Harcèlement moral : les juges ne doivent pas tenir compte du comportement de la victime

Harcèlement

Dans un arrêt du 27 mai 2015, la chambre criminelle de la Cour de cassation a statué sur la prise en compte des agissements de la victime dans la reconnaissance du harcèlement moral (c. pén.
Un haut responsable d’une commune était poursuivi pour avoir harcelé moralement la secrétaire générale qui était placée sous ses ordres. Il l’avait dénigrée publiquement, avait recommandé à ses collègues de la tenir à distance, l’avait installée seule dans une salle de réunion, ne lui avait confié aucune tâche, ne l’avait pas convié aux évènements de fin d’année et, enfin, avait refusé d’aménager ses horaires de travail.
Cependant, dans cette affaire, la victime n’était pas irréprochable. Elle avait été recrutée pour exercer les fonctions de secrétaire générale alors qu’elle n’avait pas les compétences requises et s’était rapidement retrouvée en situation difficile. Comme elle n’acceptait pas la moindre critique, elle avait eu des difficultés relationnelles, au point de déployer, elle-même, une attitude agressive à l’égard de ses collègues, qui en étaient devenues dépressives.

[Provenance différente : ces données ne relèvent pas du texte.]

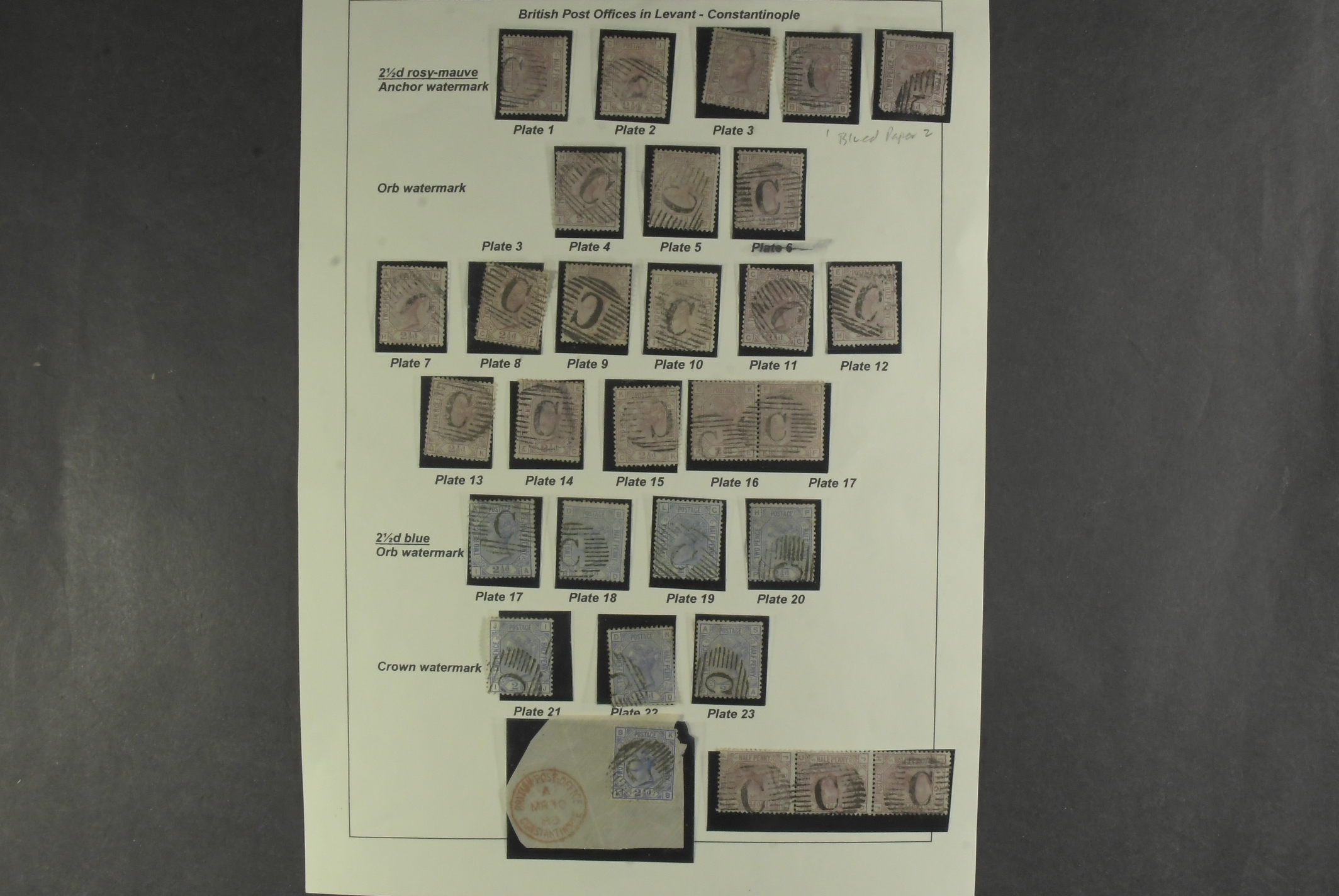 Britain. Used. Used in the Levant – an extraordinary page, not just because the quality is tip-top throughout, it also has methodically got all the plates for the 2½ d rose mauve from plate 1–16 including blue papers plus the 2½ d blue from plate 17–23 – this would be an achievement in GB, yet used abroad in Constantinople.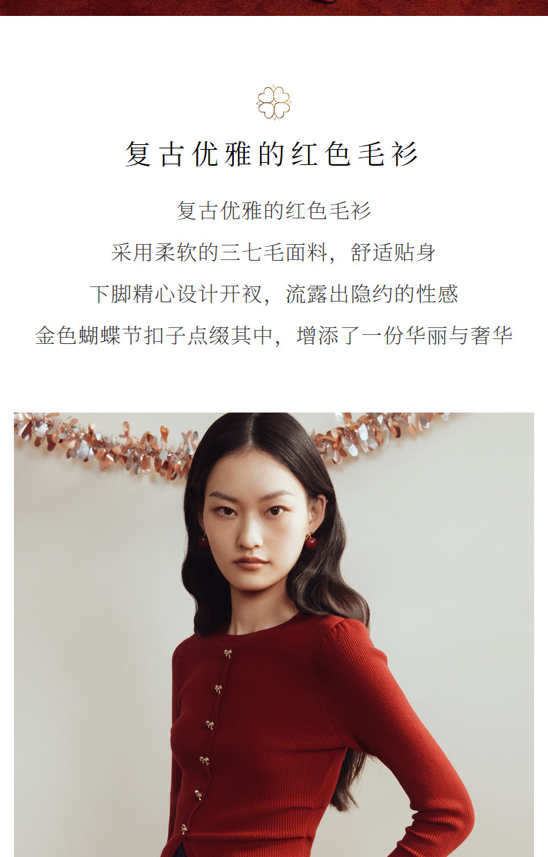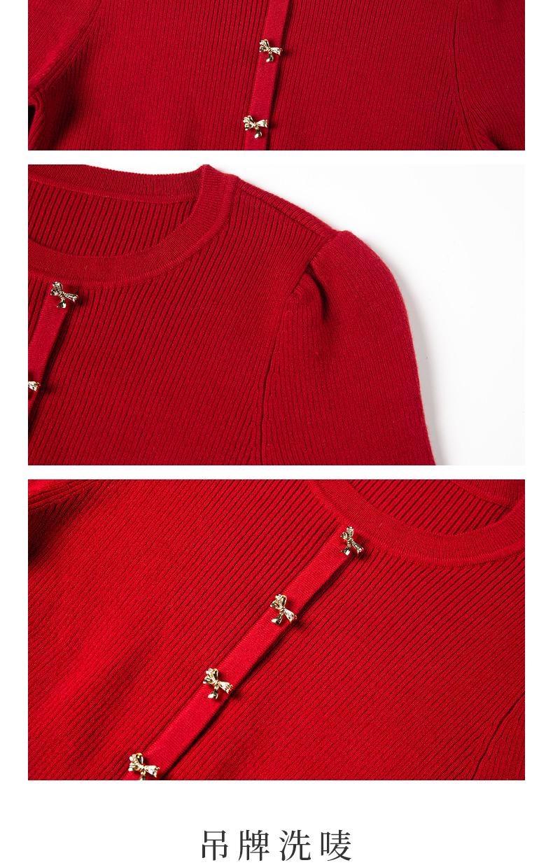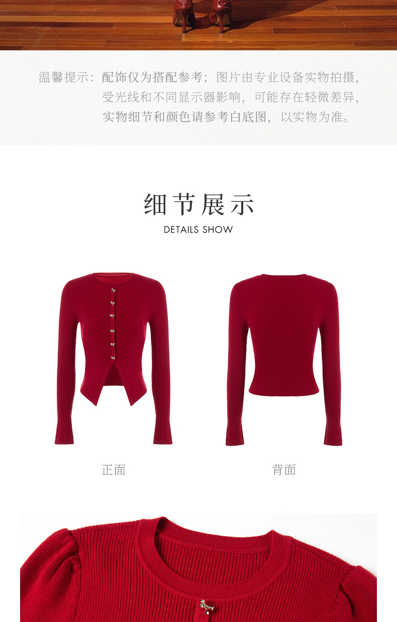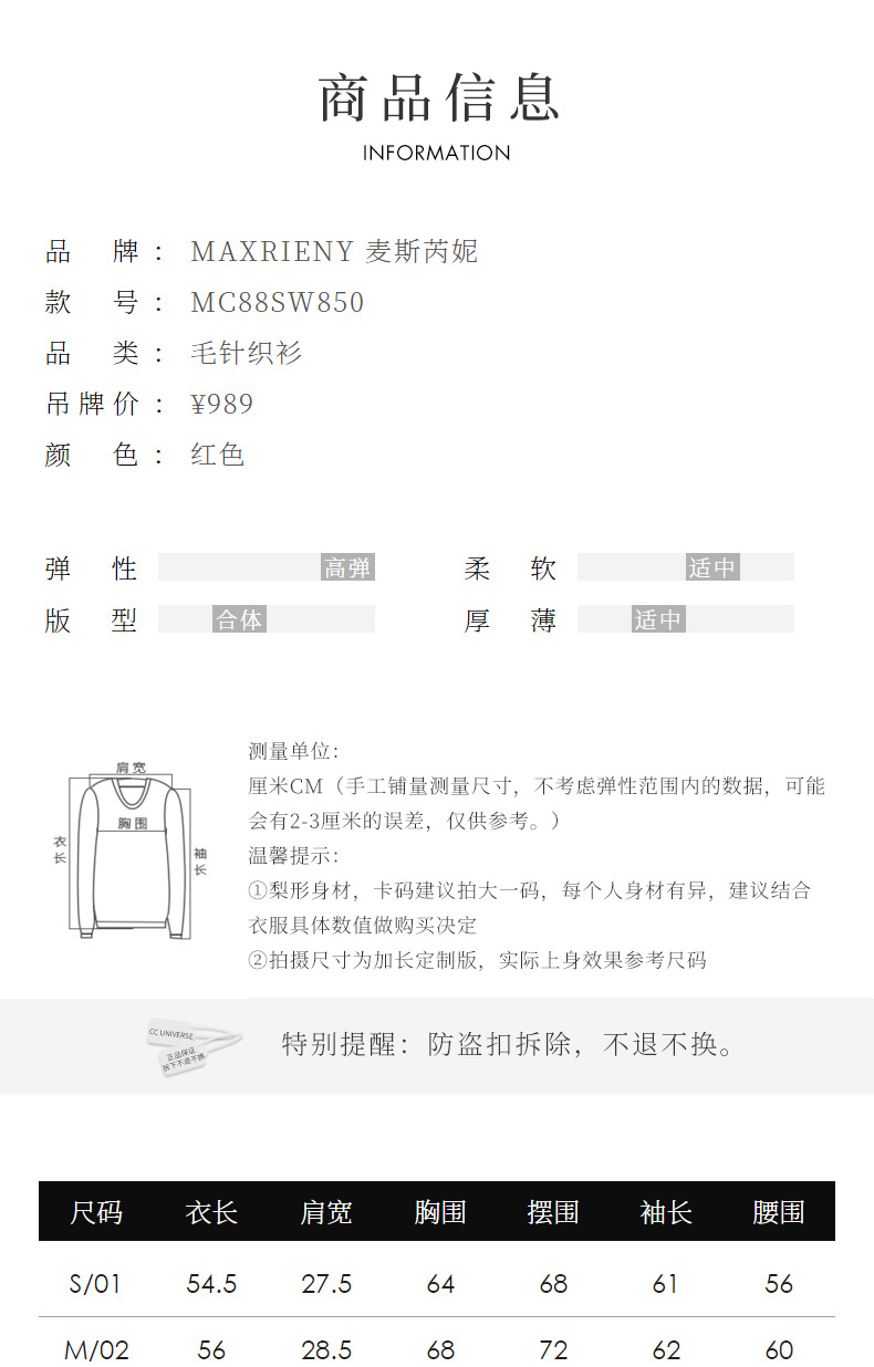 MAXRIENY*复古红收腰针织衫冬款修身上衣战衣(货号:MC88SW850)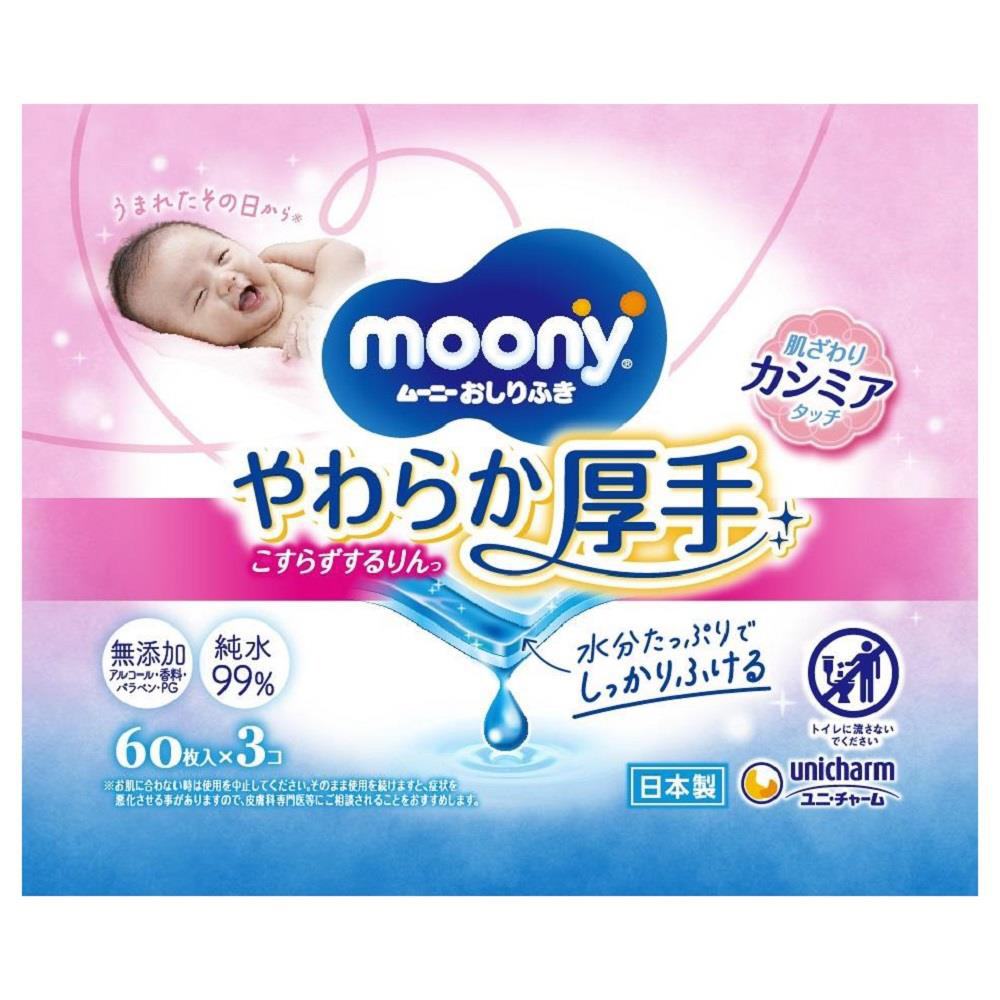 おしりふき やわらか厚手 つめかえ用 60枚入×3コ(180枚) moony(ムーニー)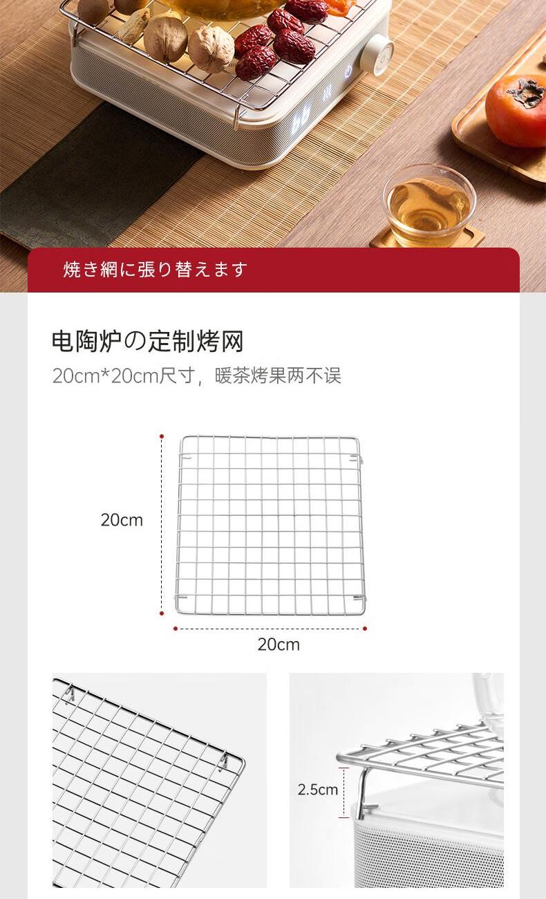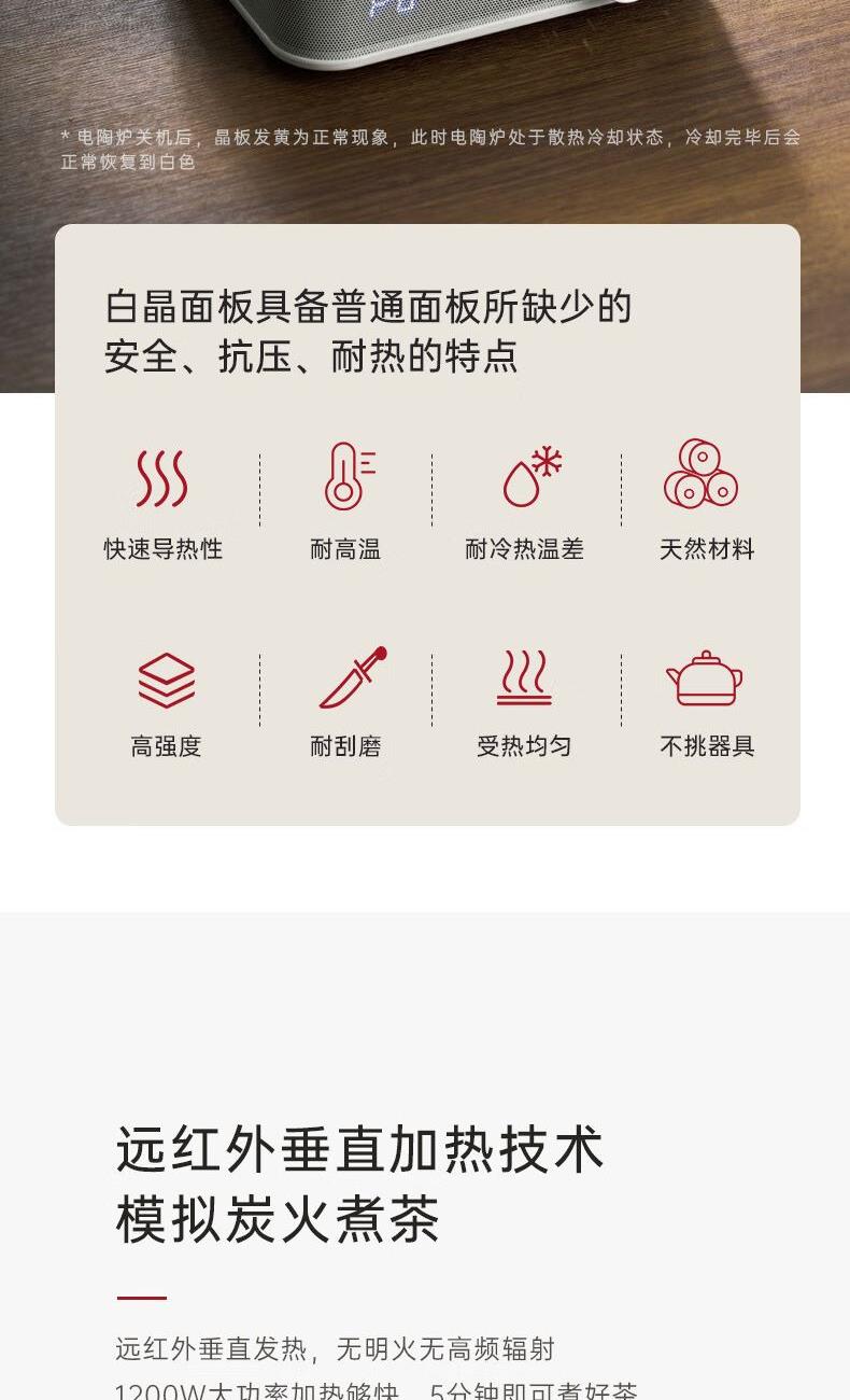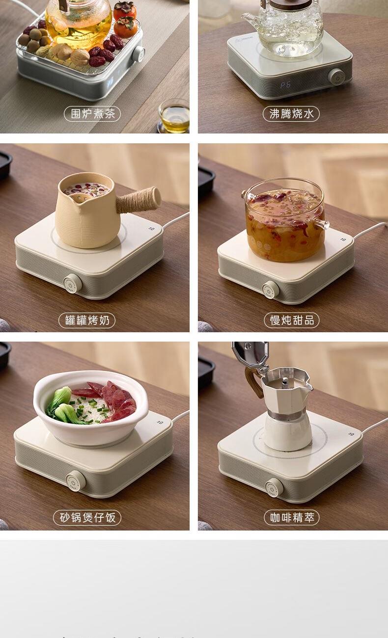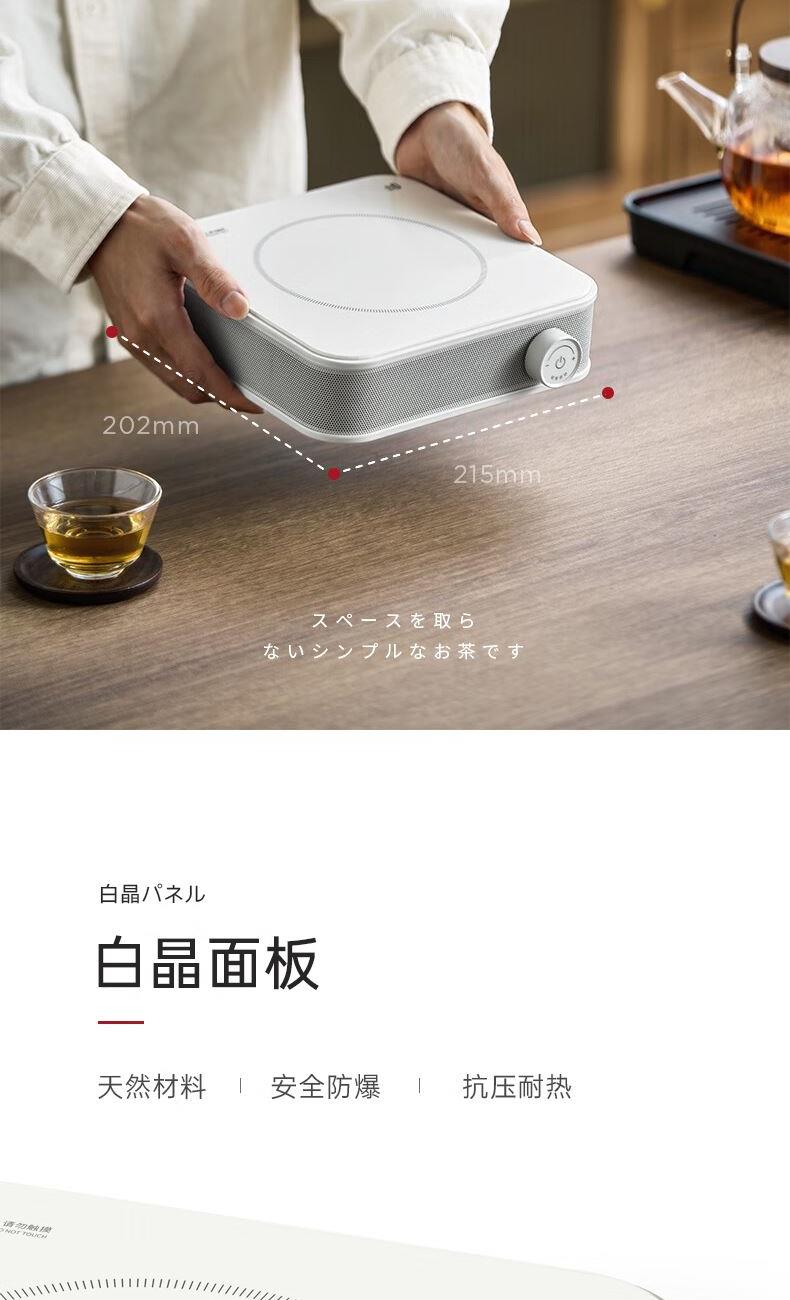 型號:CKH-J010 產品尺寸: 202*215*60mm 產品凈重:約1.1 kg 額定電壓:220V~ 額定頻率:50Hz 額定功率:1200W 可保溫時間:2小時 紅外聚能“垂直加熱”技術 隨心搭配,多壺適用 旋鈕開關靈活掌握火候 風扇靜音散熱壽命更長久

Aussi, la cour d’appel a considéré que la secrétaire générale avait été à l’origine de l’attitude de son responsable et que, dans ces conditions, on ne pouvait considérer qu’il s’était rendu coupable du délit de harcèlement moral.
Mais la Cour de cassation n’envisage pas les choses ainsi. Pour elle, la cour d’appel aurait dû rechercher si les faits poursuivis, dont elle a admis qu’ils constituaient un comportement inadapté, n’outrepassaient pas, quel qu’ait été le comportement de la victime, les limites du pouvoir de direction du responsable et ne caractérisaient pas des agissements de harcèlement moral.
L’arrêt de la cour d’appel est donc annulé et l’affaire sera rejugée devant une autre cour d’appel.